5. The method according to claim 2 or 3, wherein the first polymer film is applied to the first surface of the dry MFC film in a molten state by extrusion coating.

6. The method according to claim 2 or 3, wherein the first polymer film is applied to the first surface of the dry MFC film in the form of a solid film.

7. The method according to claim 6, wherein at least one surface of the solid first polymer film is metallized.

8. The method according to claim 7, wherein the metallized surface of the solid first polymer film is formed by vapor deposition of a metal or metal oxide onto the solid first polymer film, preferably by physical vapor deposition (PVD) or chemical vapor deposition (CVD).

9. The method according to claim 2 or 3, wherein the first polymer film is a foamed film.

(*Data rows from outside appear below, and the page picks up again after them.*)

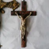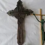 Het kruisje is in hout en het corpus is in lood gegoten.
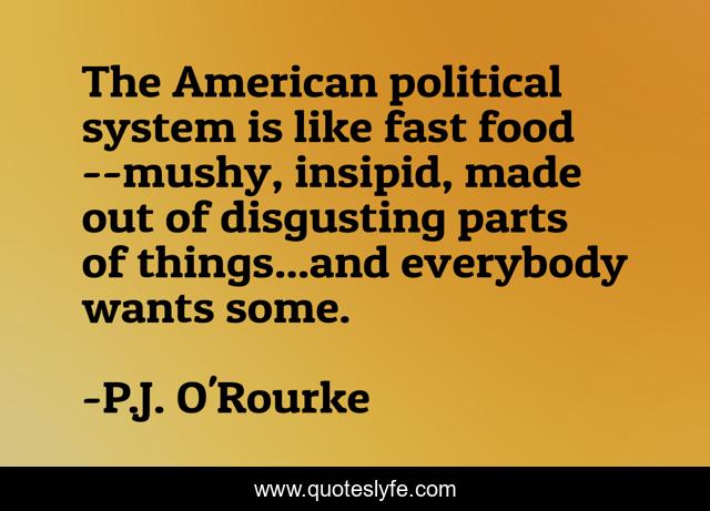 This page presents the quote "The American political system is like fast food--mushy, insipid, made out of disgusting parts of things...and everybody wants some.". Author of this quote is P.J. O'Rourke. This quote is about politics, america,.
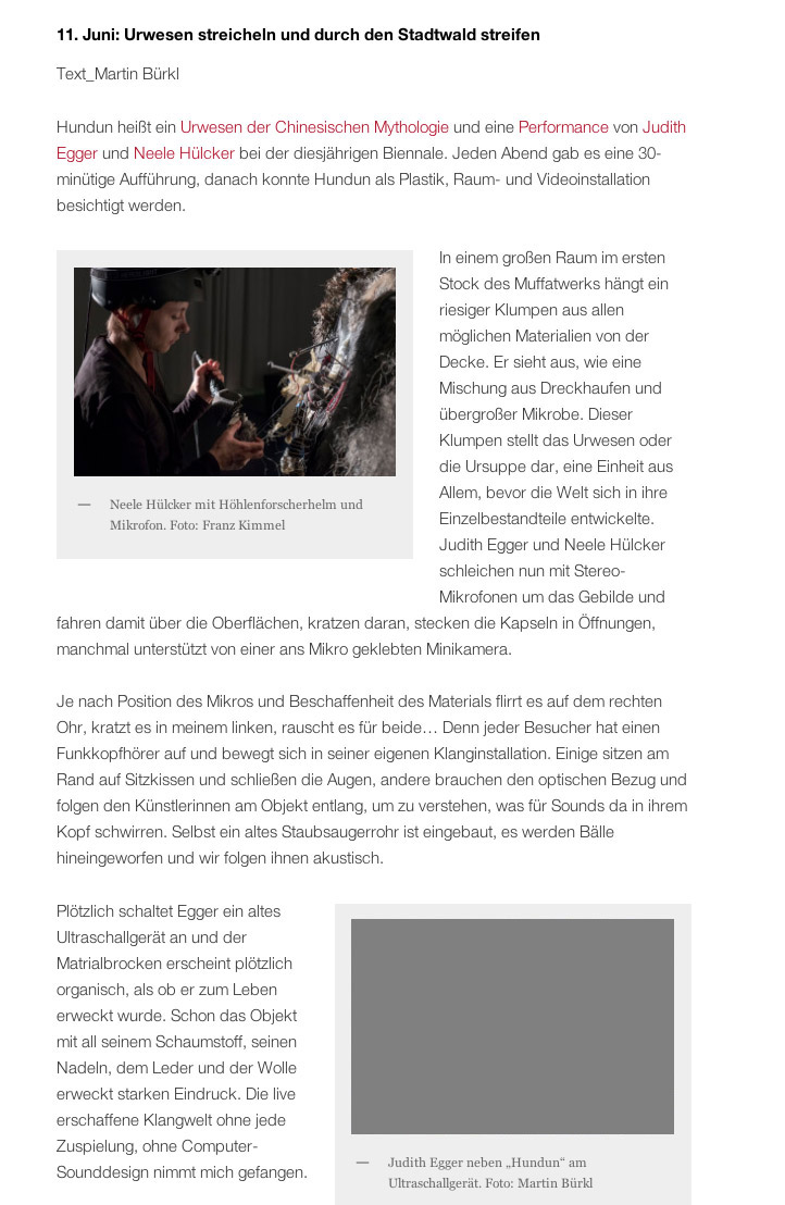 Während der halbstündigen Performance ist es im Saal dunkel, nur Hundun ist beleuchtet. Neele Hülcker und Judith Egger umrunden ihre Kreation. Wie Höhlenforscherinnen sehen sie aus: Auf dem Kopf ein Helm, daran befestigt eine Stirnlampe, aber auch eine Videokamera und Mikrophone. Ihre Körper sind von oben bis unten verkabelt. Die Kamera nimmt von extrem nahe die Oberfläche von Hundun auf und überträgt die Bilder auf Videobildschirme, die im Raum verteilt sind.

10. The method according to claim 1 or 2, wherein, after the barrier substrate is separated from the non-porous support, a second polymer film is applied to a second surface of the MFC film, the second surface of the MFC film being opposite to the first surface of the MFC film.

11. The method according to claim 10, wherein the second polymer film comprises a thermoplastic polymer.

12. The method according to claim 11, wherein the second polymer film comprises a polymer selected from the group consisting of thermoplastic polyolefins and thermoplastic polyesters.

13. The method according to claim 11, wherein the second polymer film contains polyethylene.

14. The method according to claim 11, wherein the second polymer film is applied to the second surface of the dry MFC film in a molten state by extrusion coating.

15. The method according to claim 11, wherein the second polymer film is applied to the second surface of the dry MFC film in the form of a solid film.

16. The method according to claim 15, wherein at least one surface of the solid second polymer film is metallized.

17. The method according to claim 16, wherein the metallized surface of the solid second polymer film is formed by vapor deposition of a metal or metal oxide onto the solid second polymer film, preferably by physical vapor deposition (PVD) or chemical vapor deposition (CVD).

18. The method according to claim 11, wherein the second polymer film is a foamed film.

19. The method according to claim 1 or 2, wherein the MFC suspension contains MFCs in an amount between 70% by weight and 100% by weight based on the total dry weight.

20. The aforementioned dried MFC film has a density of 2 to 70 g / m². 2 The method according to claim 1 or 2, having a basis weight.

21. The method according to claim 1 or 2, wherein each of the at least one nip is selected from the group consisting of a lamination nip, a calender nip, a smoothing roll nip, a press nip, a belt nip, and an extension nip.

22. A method for manufacturing a laminate, - A step of providing a paper or cardboard substrate, - A step of providing a barrier substrate according to the method of claim 1 or 2, - To obtain a laminate, the first surface of the paper or cardboard substrate is bonded to the MFC film of the barrier substrate using at least one adhesive layer. A method that includes this.

23. The method according to claim 22, further comprising the step of providing an outermost polymer layer on one or both sides of the laminate.